Using R, build a regression model for data that interests you. Conduct residual analysis.
data("USArrests")
# Fit the linear regression model with Murder as the response variable
model <- lm(Murder ~ Assault + UrbanPop + Rape, data=USArrests)
summary(model)
##
## Call:
## lm(formula = Murder ~ Assault + UrbanPop + Rape, data = USArrests)
##
## Residuals:
## Min 1Q Median 3Q Max
## -4.3990 -1.9127 -0.3444 1.2557 7.4279
##
## Coefficients:
## Estimate Std. Error t value Pr(>|t|)
## (Intercept) 3.276639 1.737997 1.885 0.0657 .

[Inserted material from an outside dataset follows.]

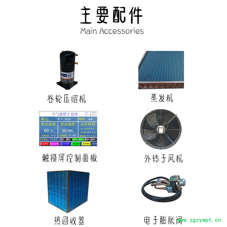 中药材热泵烘干系统的组成部分并不是很多,热泵与制冷的原理和系统设备组成及功能是一样的,主要由压缩机、蒸发器、触摸屏控制面板、外转子风机、热回收器和电子膨胀阀组成;
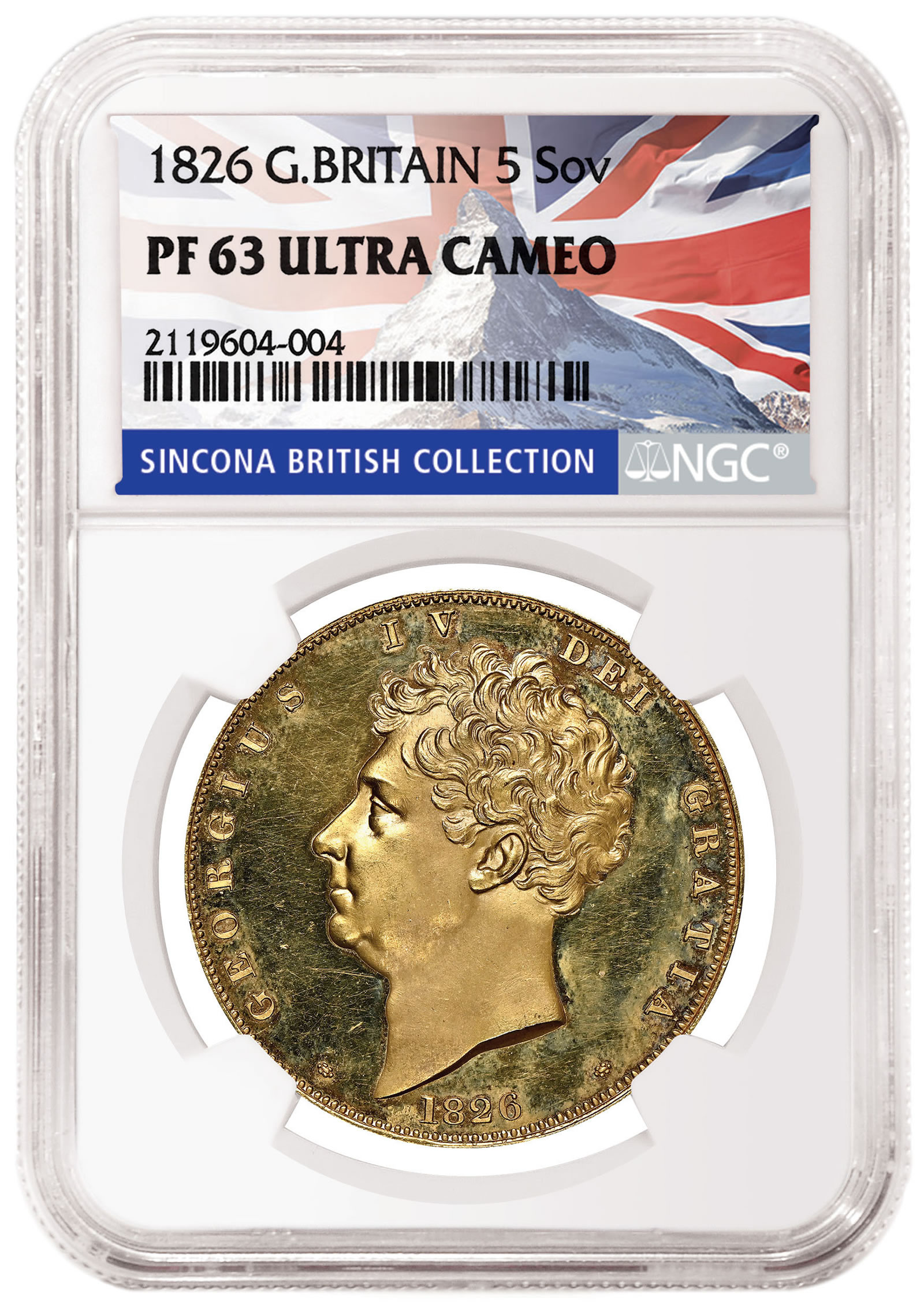 The sale features several other Proof Sets, including an 1826 one issued under King George IV (lot 828). It is led by a 5 Sovereign graded NGC PF 63 Ultra Cameo and includes 10 other coins.

## Assault 0.039777 0.005912 6.729 2.33e-08 ***
## UrbanPop -0.054694 0.027880 -1.962 0.0559 .
## Rape 0.061399 0.055740 1.102 0.2764
## ---
## Signif. codes: 0 '***' 0.001 '**' 0.01 '*' 0.05 '.' 0.1 ' ' 1
##
## Residual standard error: 2.574 on 46 degrees of freedom
## Multiple R-squared: 0.6721, Adjusted R-squared: 0.6507
## F-statistic: 31.42 on 3 and 46 DF, p-value: 3.322e-11
par(mfrow=c(2, 2))
plot(model)
Was the linear model appropriate? Why or why not?
In conclusion, the linear model may not be the best option due to signs of non-linearity, potential outliers, and heteroscedasticity.